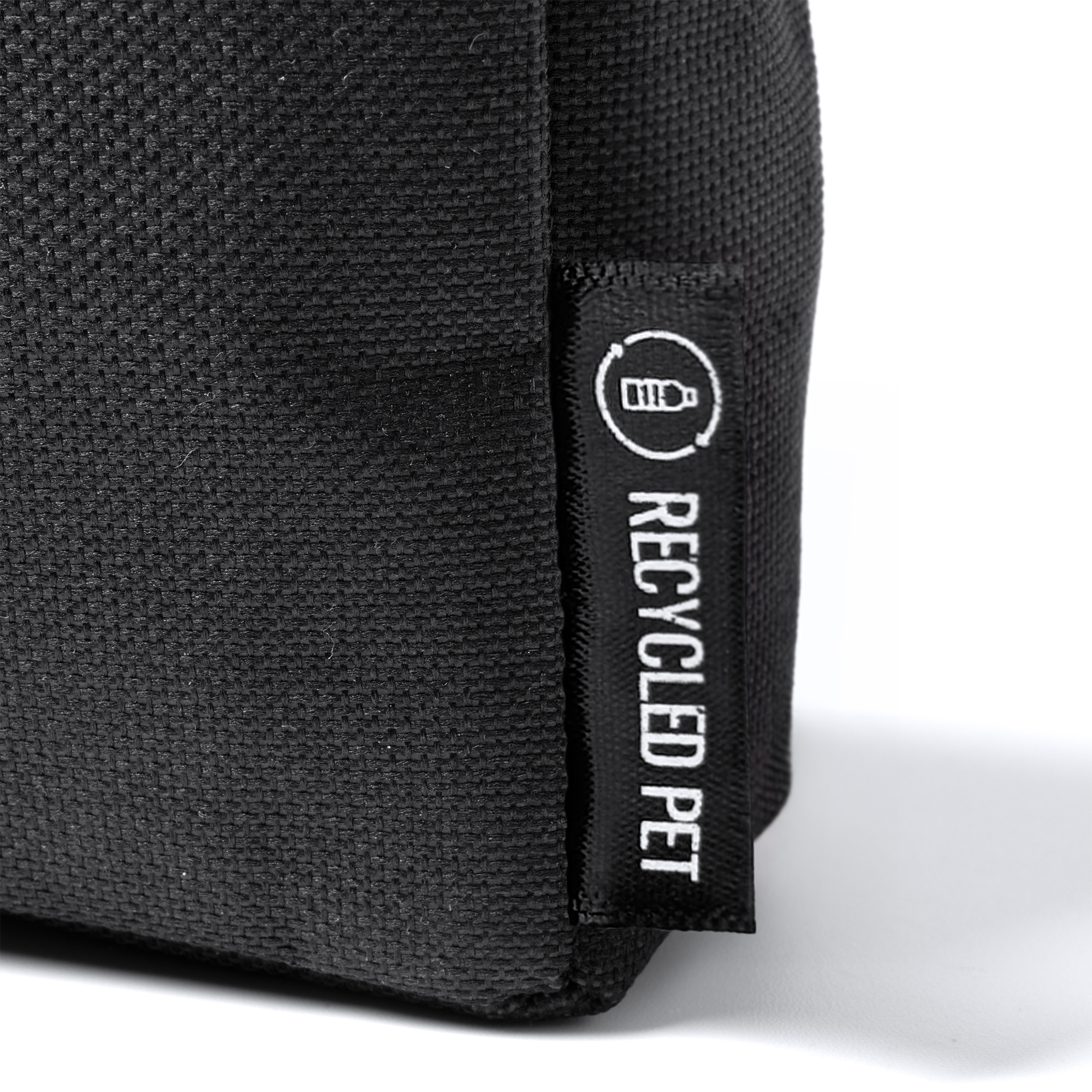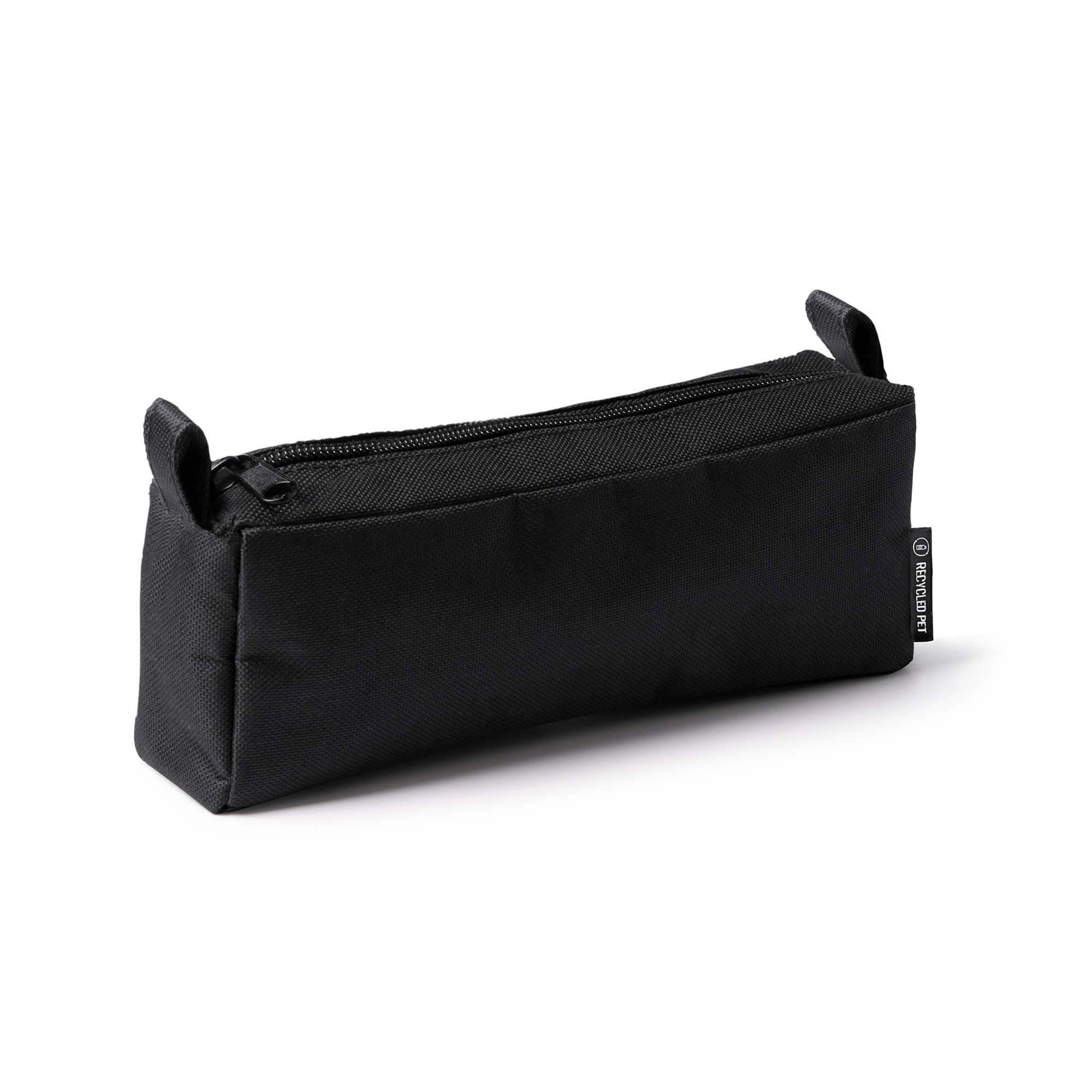 Estuche rectangular elaborado de material RPET procedente de botellas recicladas. Cuenta con cremallera a juego y cintas tiradoras en los laterales. Disponible en varios colores.
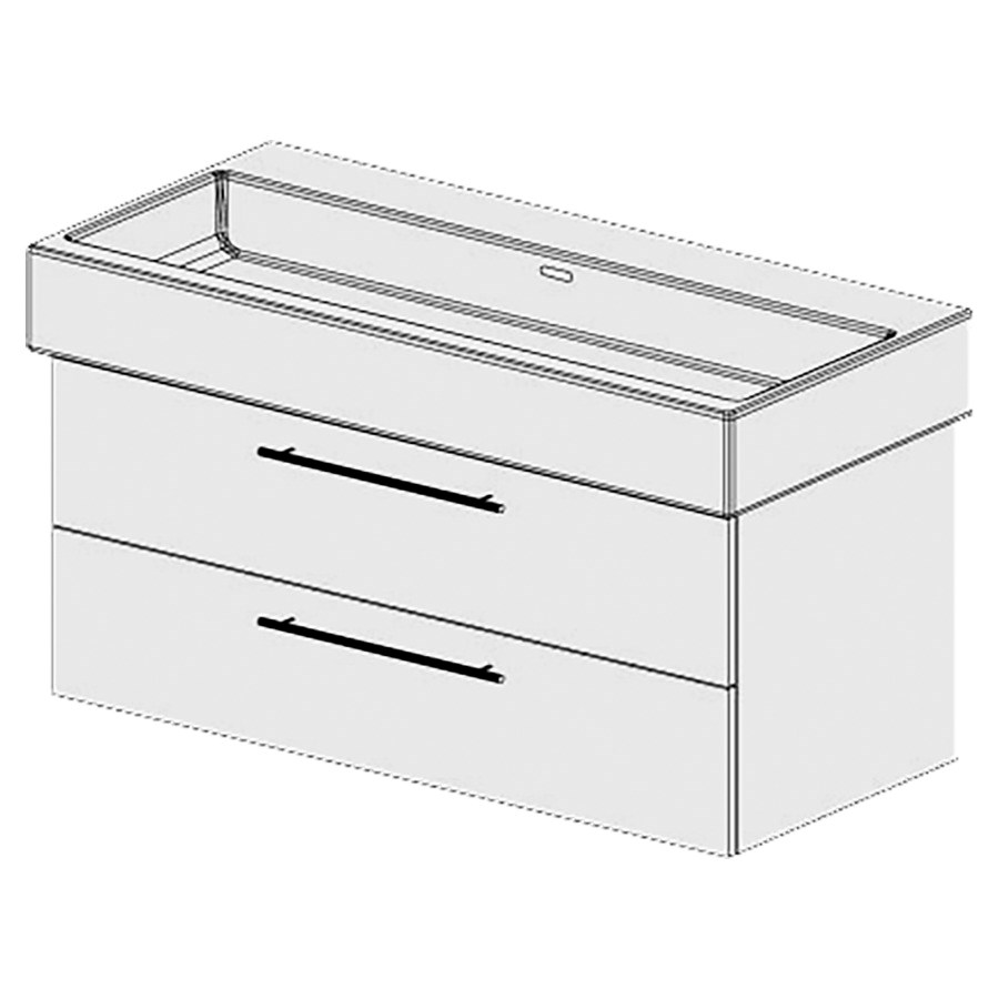 100 cm, B: 96, H: 46, T: 43,8 cm, Schubladenstock à 2 Schubladen, Schubladen mit Blumotion, Griffe gemäss Palette, Fronten/Sichtseiten gem. Code, Farbe gemäss Palette, für Raumsparsifon und, Steckdichtung 32 mm
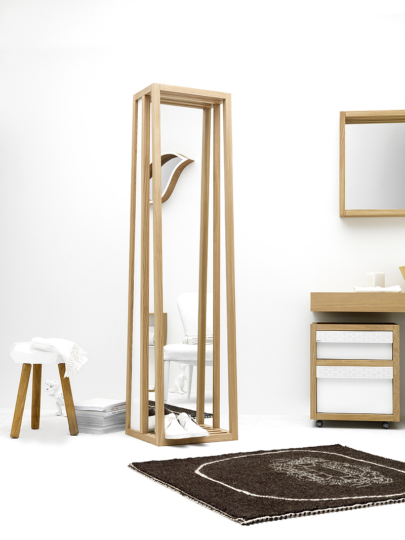 Un nuevo diseño de Jethro Macey es este toallero independiente de madera que no necesita sujetarse a la pared. Medidas: 60 x 20 x 80 h cm.
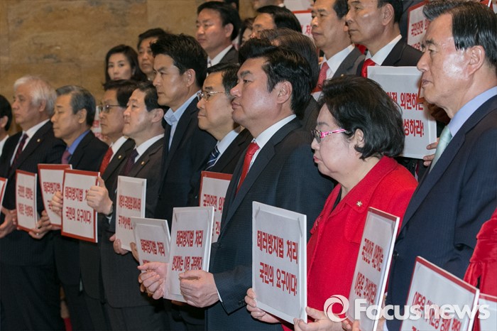 (서울=포커스뉴스) 새누리당 의원들이 23일 오후 서울 여의도 국회 로텐더홀에서 테러방지법과 관련한 야당의 필리버스터에 대해, 규탄성명을 발표하고 있다.
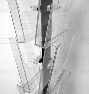 Trīspusējais informācijas stends ir balstīts uz trim alumīnija statīviem, pie katra no tiem piestiprināmi līdz pieciem organiskā stikla informācijas turētājiem. Informācijas stends ir pieejams ar organiskā stikla informācijas turētājiem trīs standarta izmēros - A4; A5 vai divdaļīgiem 1/3 A4. Ir iespējams viena stenda ietvaros kombinēt dažādu izmēru organiskā stikla informācijas turētājus - šādā gadījumā, lūdzu, sazināties ar mums individuāli. Cena pēc pieprasījuma.
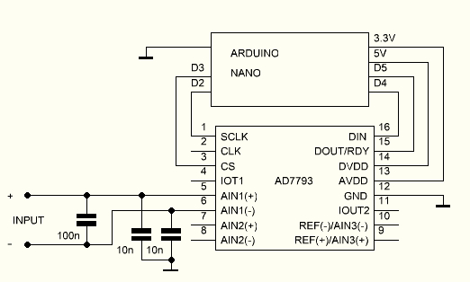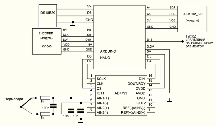 АЦП AD7793 предназначен для высокоточного измерения постоянного напряжения, может применяться для измерения напряжения термопар и других датчиков с выходным напряжением в несколько единиц или десятков мВ. Так имеет два выхода стабилизированного тока для питания термометров сопротивления.
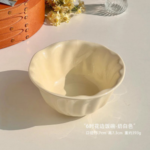 6寸花边饭碗-奶白色
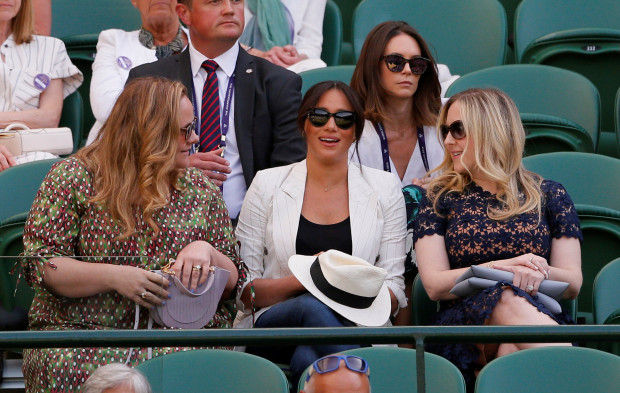 جلست الممثلة الأمريكية السابقة برفقة صديقتيها "ليندسي روث" و"جينيفيف هيليس"، والتي يعتقد أنهما ستختاران كعرابتين للطفل الملكي "آرتشي"، على المدرجات يهتفن ويشجعت "سيرينا" ضد منافستها "كاجا جوفان".
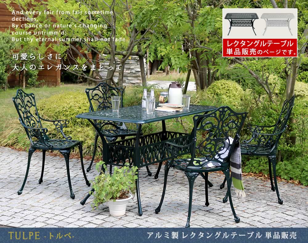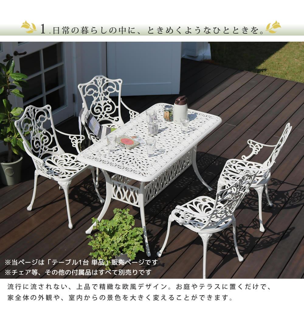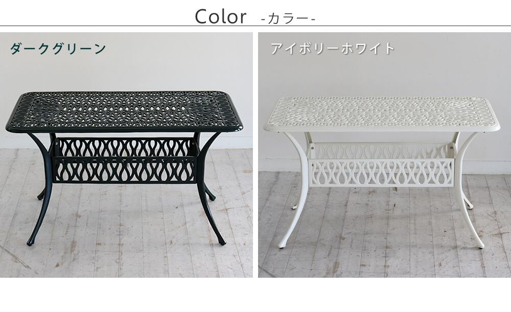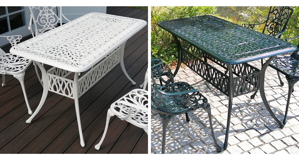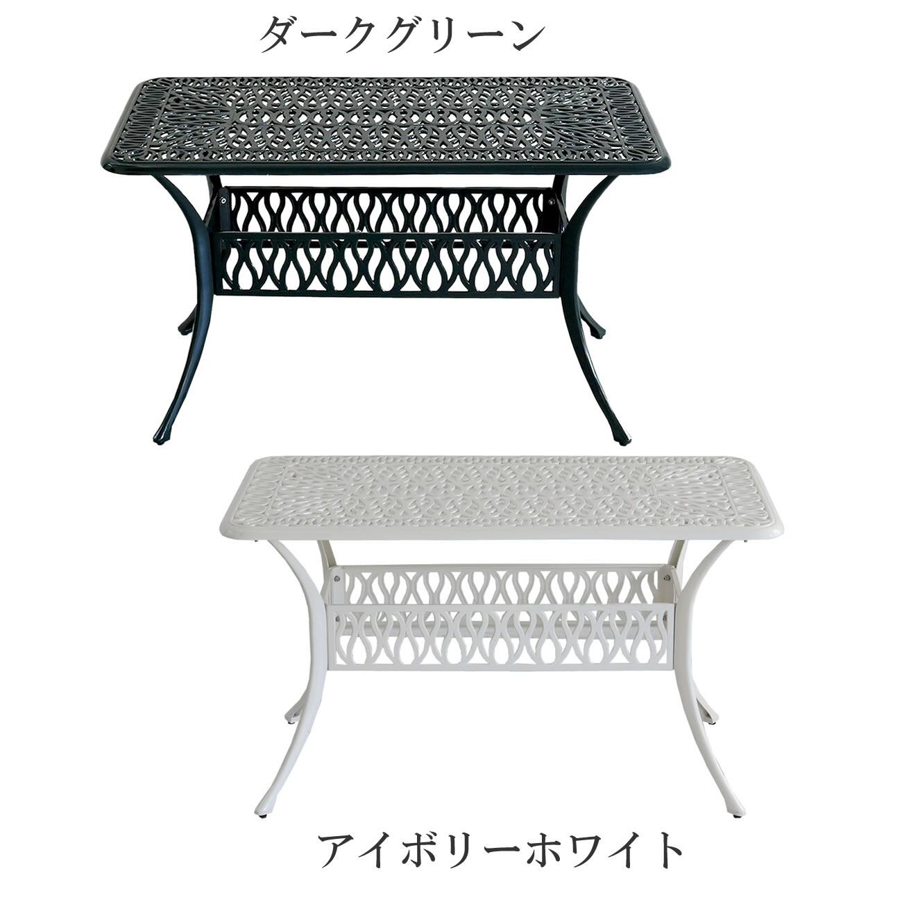 ガーデンテーブル 1台 単品 132cm幅 ダークグリーン アイボリーホワイト 緑 白 幅132cm 奥行69cm 高さ74cm おすすめ おしゃれ 北欧 ヨーロッパ調 アルミ製 机 庭のテーブル 4人用 ベランダ 庭 バルコニー テラス 庭の机 鋳物 ガーデニング 園芸 庭園 レクタングルテーブル
○ ○ ○ ○ ○ ○ ○
• [WHAT TO PRODUCE]
Nothing but the lines above from the one that has "100 cm, B: 96, H: 46, T: 43,8" down to the one that has "(서울=포커스뉴스) 새누리당 의원들이" belongs in the answer, copied exactly, without pictures.

• [THE COMPLETED TASK]
 100 cm, B: 96, H: 46, T: 43,8 cm, Schubladenstock à 2 Schubladen, Schubladen mit Blumotion, Griffe gemäss Palette, Fronten/Sichtseiten gem. Code, Farbe gemäss Palette, für Raumsparsifon und, Steckdichtung 32 mm
 Un nuevo diseño de Jethro Macey es este toallero independiente de madera que no necesita sujetarse a la pared. Medidas: 60 x 20 x 80 h cm.
 (서울=포커스뉴스) 새누리당 의원들이 23일 오후 서울 여의도 국회 로텐더홀에서 테러방지법과 관련한 야당의 필리버스터에 대해, 규탄성명을 발표하고 있다.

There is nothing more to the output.